● **What needs to be done**
What you return must match the records below character for character, except that no picture appears.

Dataset excerpts
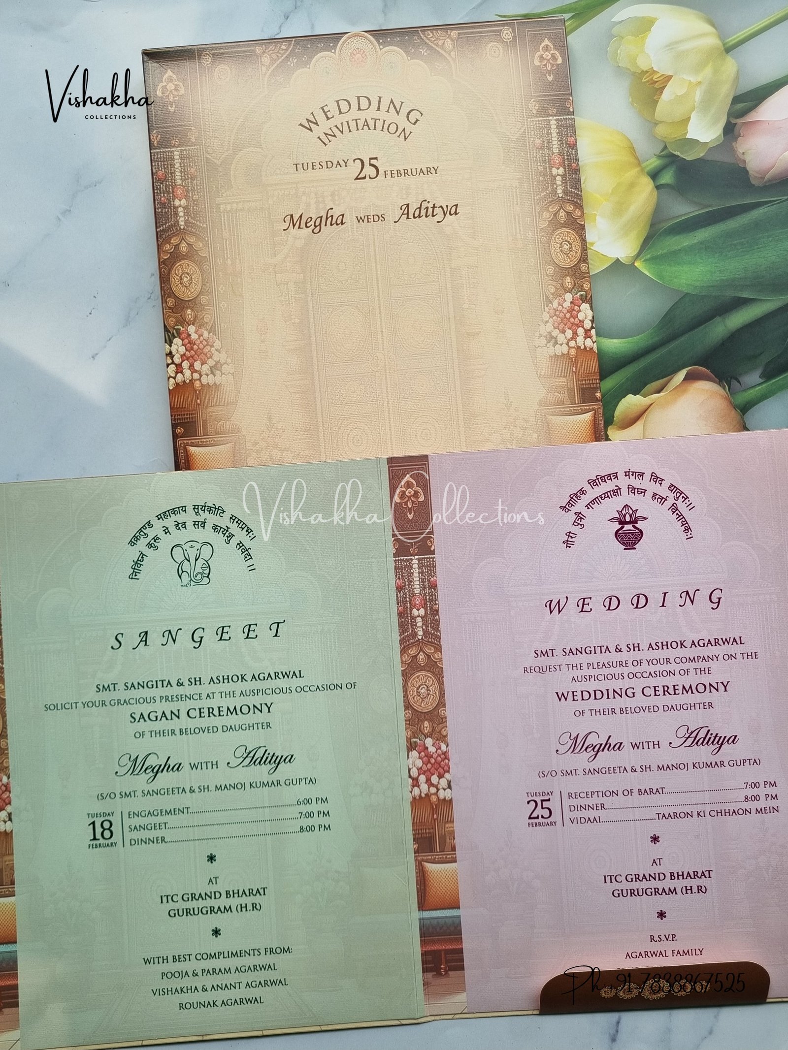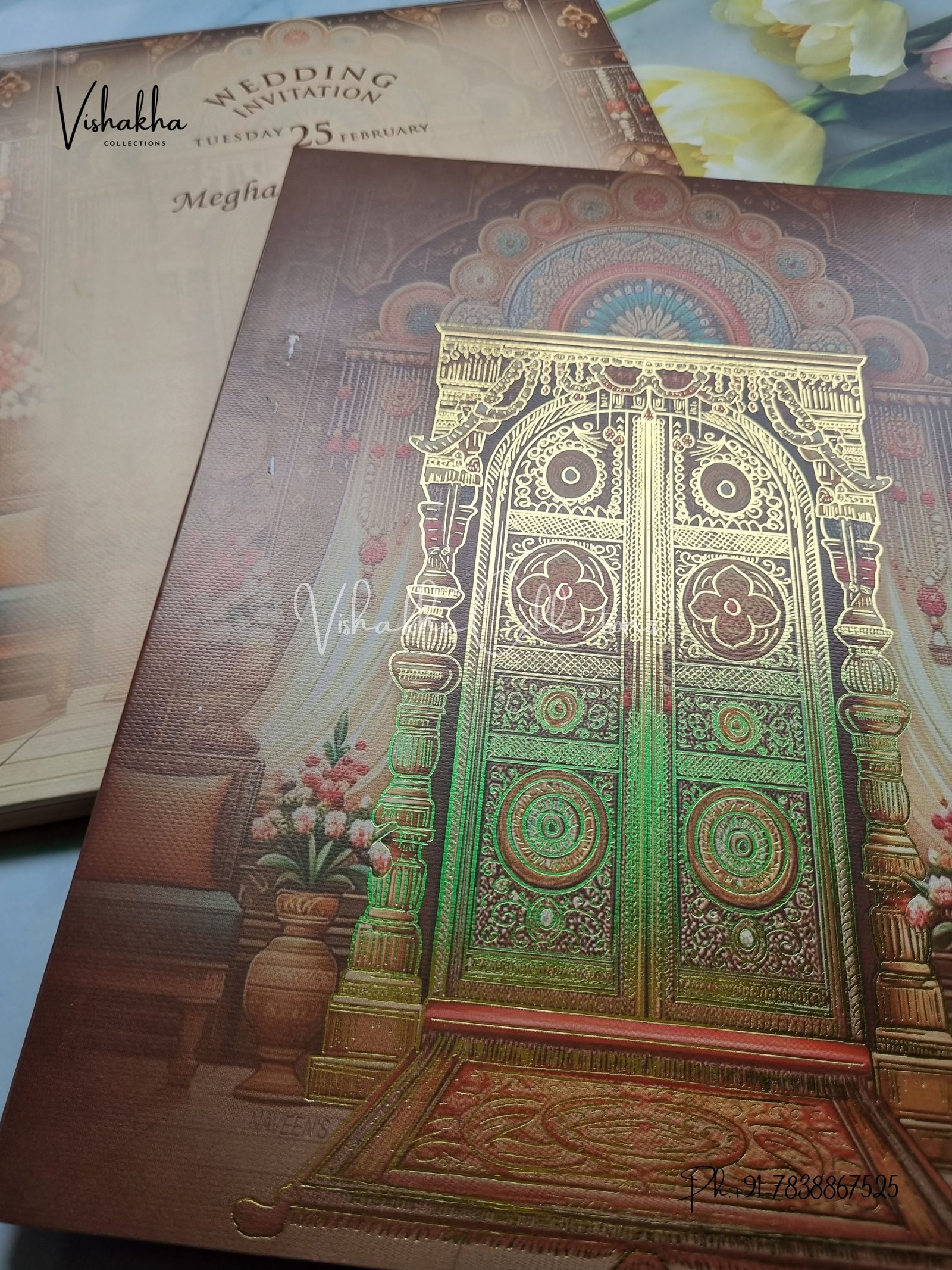 Vishakha Collections presents you beautiful luxury wedding invitation cards with all latest designs and the latest variety. Its just not a wedding invitation card but a beautiful feeling of love and relationship it carries for you. Beautifully printed and packed with a bundle of love. if you like it, dont think again, just go for it.If you are worrying about the quality of the product, send your doubts to us. We are here to help you. If you want in wholesale or bulk, dont forget to contact us.
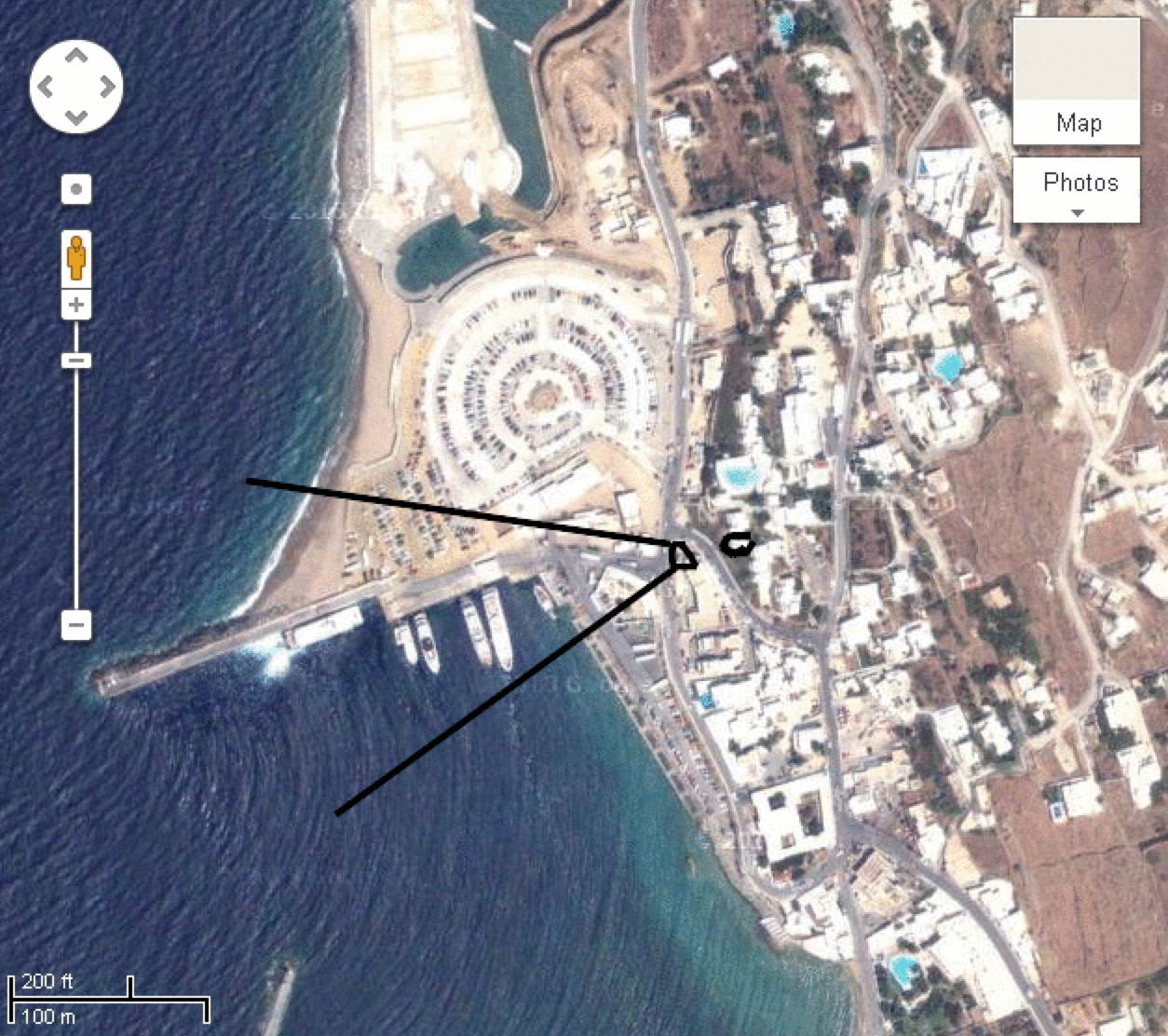 I used to enter this contest a dozen times and never got any where (with the exception of Boston, my hometown – but so did a million other people). I once correctly guessed Hastings-On-Hudson without having been there, but never entered the contest. I’m pretty convinced about this one: Mykonos Greece. I’ve added a Google maps satellite picture with all the elements in place; the open air enclosure; the trees along the street; the dive that zigs at the end of the wharf; the small rocky island of MPAOS; and the larger island of Rinea behind it:
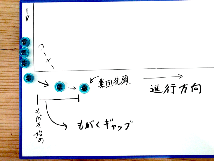 ギャップを埋めるための動きは2番手の選手と同じですが、3番手の選手は前の2番手の選手の作ったギャップと自分の作ったギャップの分だけもがかなければなりません(下図を参照)。
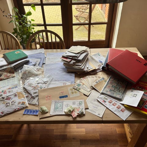 Der er albums, årsmapper, løse stemplede frimærker, kuverter og postkort med frimærker på samt meget andet.
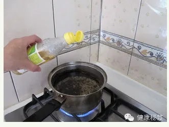倒入约半碗的白醋(也可以用茶叶)。加水煮沸约三四分钟
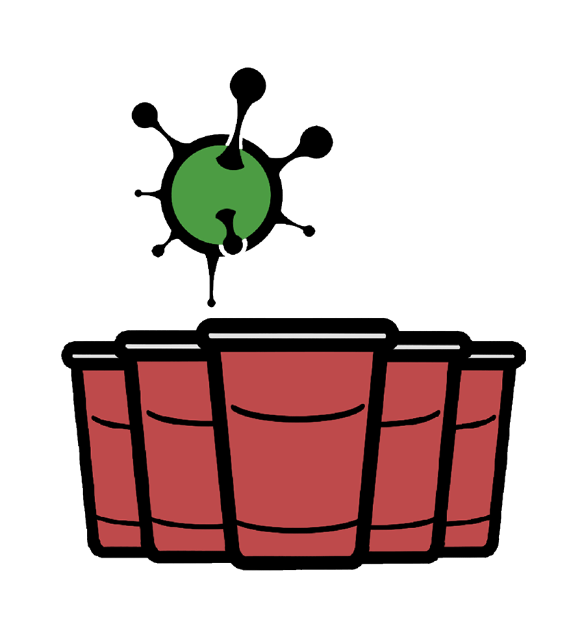 My design sends a message directly to students. Beer pong is the first thing I think of when it comes to college nightlife. I created an original design of beer pong cups, and a virus ball to represent the beer pong ball. I drew inspiration from Simon Oxley (designed Twitter's icon) and his simplistic forms. I then put this design on a mask as that is the new normal in the days of a pandemic. Everyone has a mask and it is right on the wearers face so the design will always be noticed.
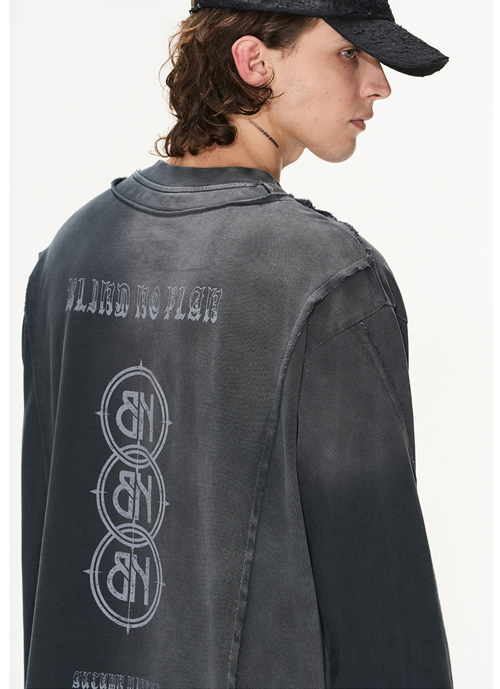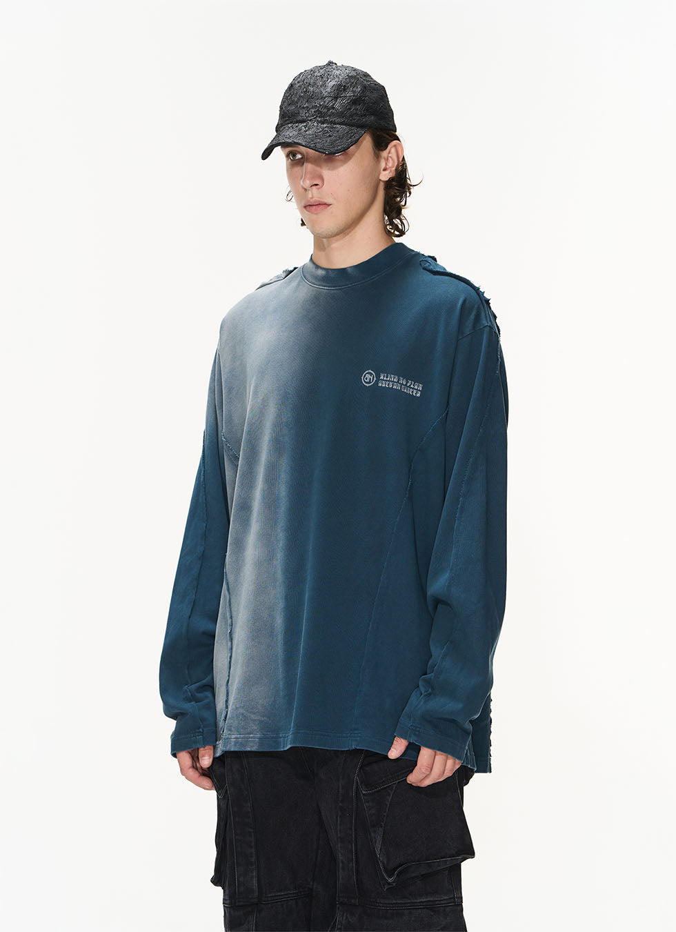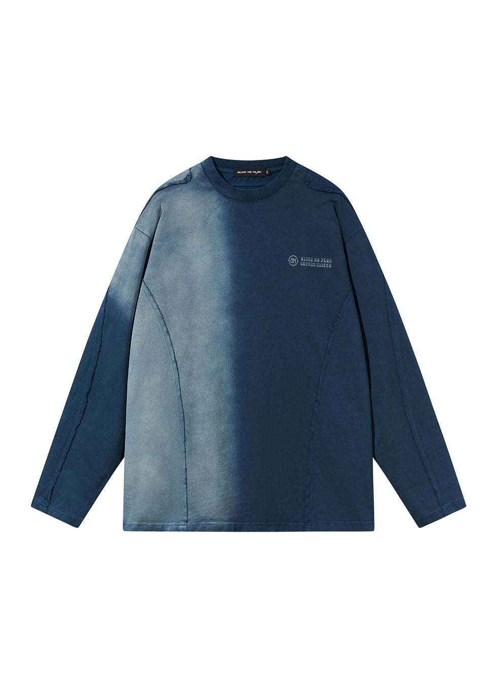 Raw-edge Gradient Loose Round Neck Long Sleeve T-Shirt
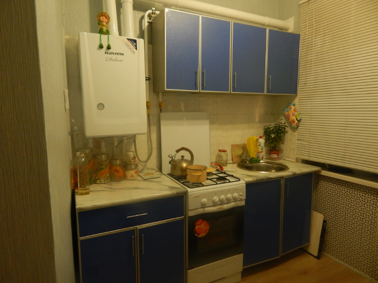 Вопросы и ответыЯ "счастливая" обладательница очень маленькой кухни в голубых тонах. Гарнитур и весь ремонт достался от предыдущего хозяина - молодого мужчины. Вот живу и думаю, как оживить эту голубую лагуну? Какого цвета обои наклеить, чтобы подошло под голубые фасады?
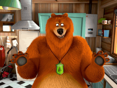 Grizzy the bear reacts with delight to a delicious smell, sticking out his tongue in anticipation.
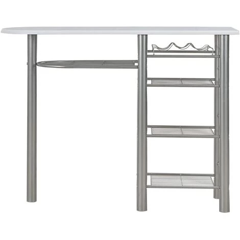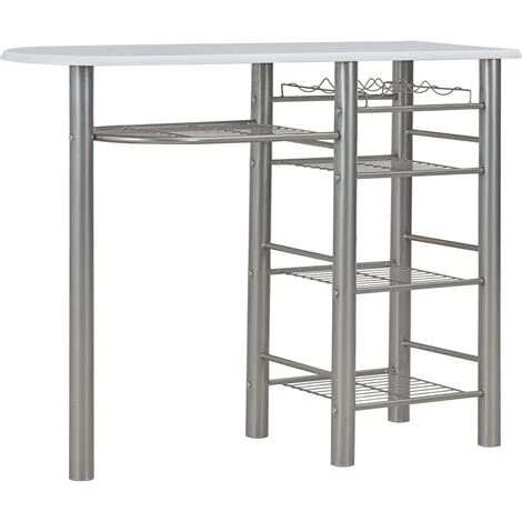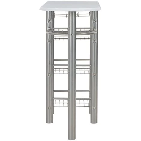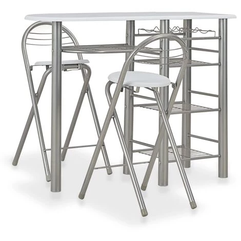 Fabriqué en bois et en acier durable, cet ensemble de bar en 3 pièces se distingue par sa polyvalence et constituera un supplément distinctif aux maisons, aux jardins, aux bars, aux pubs ou aux restaurants. Fabriqué en bois durable, les surfaces sont faciles à nettoyer. Les cadres en acier offrent une grande stabilité. Les chaises peuvent être repliées lorsqu’elles ne sont pas utilisées, afin de gagner de la place. De plus, plusieurs tablettes de rangement et un porte-bouteilles de vin se trouvent sous la table pour que vos affaires soient bien organisées et à portée de main. L’ensemble de salle à manger est facile à assembler. La livraison inclut 1 table avec étagères et 2 chaises pliantes.

● **Solution to the problem**
 Vishakha Collections presents you beautiful luxury wedding invitation cards with all latest designs and the latest variety. Its just not a wedding invitation card but a beautiful feeling of love and relationship it carries for you. Beautifully printed and packed with a bundle of love. if you like it, dont think again, just go for it.If you are worrying about the quality of the product, send your doubts to us. We are here to help you. If you want in wholesale or bulk, dont forget to contact us.
 I used to enter this contest a dozen times and never got any where (with the exception of Boston, my hometown – but so did a million other people). I once correctly guessed Hastings-On-Hudson without having been there, but never entered the contest. I’m pretty convinced about this one: Mykonos Greece. I’ve added a Google maps satellite picture with all the elements in place; the open air enclosure; the trees along the street; the dive that zigs at the end of the wharf; the small rocky island of MPAOS; and the larger island of Rinea behind it:
 ギャップを埋めるための動きは2番手の選手と同じですが、3番手の選手は前の2番手の選手の作ったギャップと自分の作ったギャップの分だけもがかなければなりません(下図を参照)。
 Der er albums, årsmapper, løse stemplede frimærker, kuverter og postkort med frimærker på samt meget andet.
倒入约半碗的白醋(也可以用茶叶)。加水煮沸约三四分钟
 My design sends a message directly to students. Beer pong is the first thing I think of when it comes to college nightlife. I created an original design of beer pong cups, and a virus ball to represent the beer pong ball. I drew inspiration from Simon Oxley (designed Twitter's icon) and his simplistic forms. I then put this design on a mask as that is the new normal in the days of a pandemic. Everyone has a mask and it is right on the wearers face so the design will always be noticed.
 Raw-edge Gradient Loose Round Neck Long Sleeve T-Shirt
 Вопросы и ответыЯ "счастливая" обладательница очень маленькой кухни в голубых тонах. Гарнитур и весь ремонт достался от предыдущего хозяина - молодого мужчины. Вот живу и думаю, как оживить эту голубую лагуну? Какого цвета обои наклеить, чтобы подошло под голубые фасады?
 Grizzy the bear reacts with delight to a delicious smell, sticking out his tongue in anticipation.
 Fabriqué en bois et en acier durable, cet ensemble de bar en 3 pièces se distingue par sa polyvalence et constituera un supplément distinctif aux maisons, aux jardins, aux bars, aux pubs ou aux restaurants. Fabriqué en bois durable, les surfaces sont faciles à nettoyer. Les cadres en acier offrent une grande stabilité. Les chaises peuvent être repliées lorsqu’elles ne sont pas utilisées, afin de gagner de la place. De plus, plusieurs tablettes de rangement et un porte-bouteilles de vin se trouvent sous la table pour que vos affaires soient bien organisées et à portée de main. L’ensemble de salle à manger est facile à assembler. La livraison inclut 1 table avec étagères et 2 chaises pliantes.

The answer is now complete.